Tabii ki önümdeki kişi, geleceğin Alfa'sı ve okulun çapkını Kyle Greyson'du.

Yanlış anlamayın, o iyi görünümlü bir çocuk; siyah saçları, sanki defalarca parmaklarını içinden geçirmiş gibi dağınık bir şekilde geriye taranmıştı. Okyanus mavisi badem şeklindeki gözlerinde tamamen kaybolabilirdim. Keskin çene hattı, öyle yalanabilir görünüyor ki, kalp şeklindeki dolgun dudaklarını saymıyorum bile; eminim dudakları yumuşak ve öpülesidir.

'BEKLE! NEDEN BÖYLE DÜŞÜNÜYORUM? O OKULUN ÇAPKINI; BENİM NEYİM VAR?' diye kendi kendime düşündüm.

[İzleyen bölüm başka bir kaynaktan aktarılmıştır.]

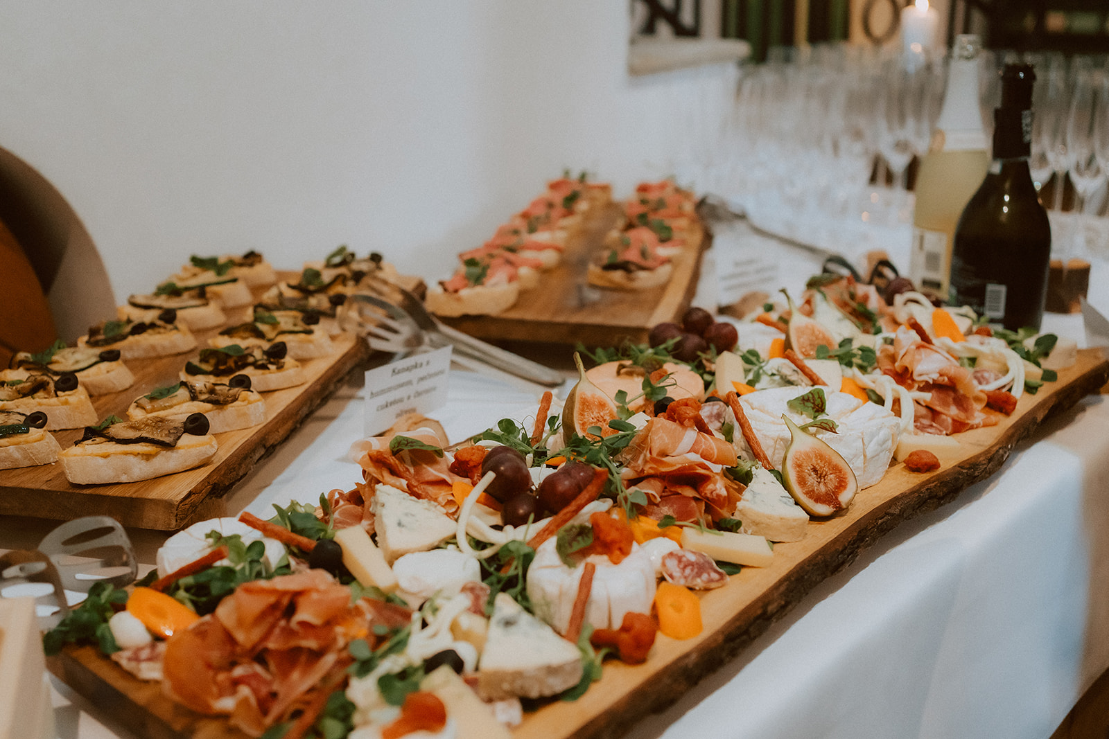 Po celý den můžete ochutnat pochoutky ze svatebního rautu formou flying bufetu, ochutnat skvělé dezerty ze sweet baru a také skvělá vína prezentovaná sommeliérkou.

"Beni süzmen bitti mi tatlım?" diye sordu Kyle, muhteşem yüzünde bir sırıtışla düşüncelerimden beni çekip çıkararak. TANRIM! BENİM NEYİM VAR?'

"Seni süzmüyordum, seni aptal. Sadece dersime gitmeme engel olduğun için kıçını tekmeleyip tekmelememem gerektiğini düşünüyordum!" dedim sinirlenerek. Yemin ederim, Alfa'nın oğlu olup olmaması umurumda değil, eğer sınıfa geç kalmama neden olup beni belaya sokarsa kıçını tekmelerim.

Sanırım Kyle'ın bana verdiği sinirli bakışa göre, cevabımı pek beğenmedi. "BANA SAYGISIZLIK ETME ALEXIANA. BEN SENİN ALFA'NIYIM!" diye bağırdı Alfa tonuyla, yumruklarını sıkıp gevşetirken. Gözleri yavaşça siyah renge dönüp tekrar okyanus mavisine döndü. Sanırım saygısızlığımdan dolayı kurtunu sakinleştirmeye çalışıyor.

Sonra ikinci zil çaldı, bu da eğer belirlenen sınıfınızda ve yerinizde değilseniz, derse geç kaldığınız anlamına gelir.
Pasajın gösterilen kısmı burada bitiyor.